Recent findings presented at the 2025 ASH Annual Meeting and Exposition reveal that circulating tumor DNA (ctDNA) status at the end of treatment (EOT) serves as a more accurate prognostic tool for event-free survival (EFS) outcomes in patients with lymphoma than traditional imaging methods such as PET-CT. The retrospective analysis indicates that patients classified as ctDNA minimal residual disease (MRD) negative experienced significantly better outcomes compared to those who were ctDNA MRD positive.
The study showed that the median EFS was not achieved in the ctDNA MRD-negative group (n = 49), while the median EFS for the ctDNA MRD-positive group (n = 19) was just 1.97 months. The adjusted hazard ratio for the difference between the two groups was a striking 22.43 (95% confidence interval [CI], 6.76-74.45; P < .0001). Furthermore, the 12- and 24-month hazard ratios in the ctDNA MRD-negative population were 0.83 (95% CI, 0.71-0.98) and 0.79 (95% CI, 0.64-0.96), respectively.
Dr. Natalie Galanina, lead study author and clinician investigator at UPMC Hillman Cancer Center in Pittsburgh, highlighted the importance of ctDNA, stating, “EOT ctDNA status can clarify ambiguous imaging results and enables earlier relapse detection.” She emphasized that ctDNA kinetics provide real-time insights into treatment responses and can help predict outcomes for CAR T-cell therapy.
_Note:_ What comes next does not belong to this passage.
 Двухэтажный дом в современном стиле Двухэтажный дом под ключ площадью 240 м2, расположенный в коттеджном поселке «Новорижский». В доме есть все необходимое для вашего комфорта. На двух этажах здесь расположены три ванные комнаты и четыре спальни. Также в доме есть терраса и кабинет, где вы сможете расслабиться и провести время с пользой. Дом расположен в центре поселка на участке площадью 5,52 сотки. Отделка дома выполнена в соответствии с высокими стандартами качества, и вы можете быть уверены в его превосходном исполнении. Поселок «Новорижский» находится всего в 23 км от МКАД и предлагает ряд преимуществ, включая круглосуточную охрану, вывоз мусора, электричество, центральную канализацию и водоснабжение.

To better understand the utility of ctDNA across various lymphoma subtypes, the research team collected data from patients with newly diagnosed or relapsed/refractory lymphoma across 14 subtypes. The cohort included 1,105 prospectively collected plasma samples from 144 patients. The demographics reflected a broad real-world population, with a median age of 61 years and a predominance of male patients (n = 77; 53%).
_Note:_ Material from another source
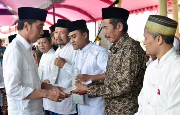“Di Jakarta ada tanah wakaf, sudah dibangun masjid yang gede. Letaknya agak di pusat kota. Dulunya enggak ada masalah, tapi belum pegang sertifikat. Karena harga tanah sudah Rp120 juta (per meter persegi) ahli waris mulai ngutik-ngutik. Nah, masalah (muncul),” cerita Presiden saat menyerahkan sertifikat hak atas tanah wakaf di Masjid Ar-Rahmah, Desa Prayungan, Kecamatan Sawoo, Kabupaten Ponorogo, Jumat, 4 Januari 2019.

Patients in the study had varying stages of lymphoma, with most diagnosed at stage IV (n = 75; 56%). The analysis revealed that pretreatment ctDNA was detectable in an impressive 94% of patients. The median number of tumor molecules per milliliter was approximately 100 in aggressive lymphomas and around 20 in indolent lymphomas.
In comparing ctDNA with PET-CT, the findings were compelling. Patients with a negative PET-CT at EOT (n = 35) showed a median EFS that was not achieved, while those with a positive PET-CT (n = 25) had a median EFS of 5.16 months (adjusted HR, 8.68; 95% CI, 2.41-31.29; P = .0010). Conversely, those with negative ctDNA MRD (n = 44) had a median EFS that was not achieved, compared to 2.04 months for patients with positive ctDNA MRD (n = 16; adjusted HR, 49.77; 95% CI, 9.91-250.02; P < .0001). Galanina remarked on the clinical implications of these results, noting that patients who test PET-positive but ctDNA-negative may not require additional therapy. “Our data show that 75% of PET-positive MRD-negative patients do not progress, indicating they may not need further intervention,” she explained. The study also evaluated ctDNA clearance during frontline therapy, demonstrating its prognostic value across all lymphoma subtypes. Patients who cleared their ctDNA (n = 48) had a median EFS that was not achieved compared to 2.05 months for those who did not clear ctDNA (n = 12; adjusted HR, 8.57; 95% CI, 2.55-28.81; P = .0005).
Dr. Galanina concluded by advocating for the integration of ctDNA testing into routine clinical practice. “MRD assessment supports the incorporation of ctDNA testing into the management and surveillance of lymphoma, allowing for more personalized care,” she said.
These findings underscore the growing potential of ctDNA as a vital tool in the prognosis and treatment of lymphoma, offering hope for improved patient outcomes in the future.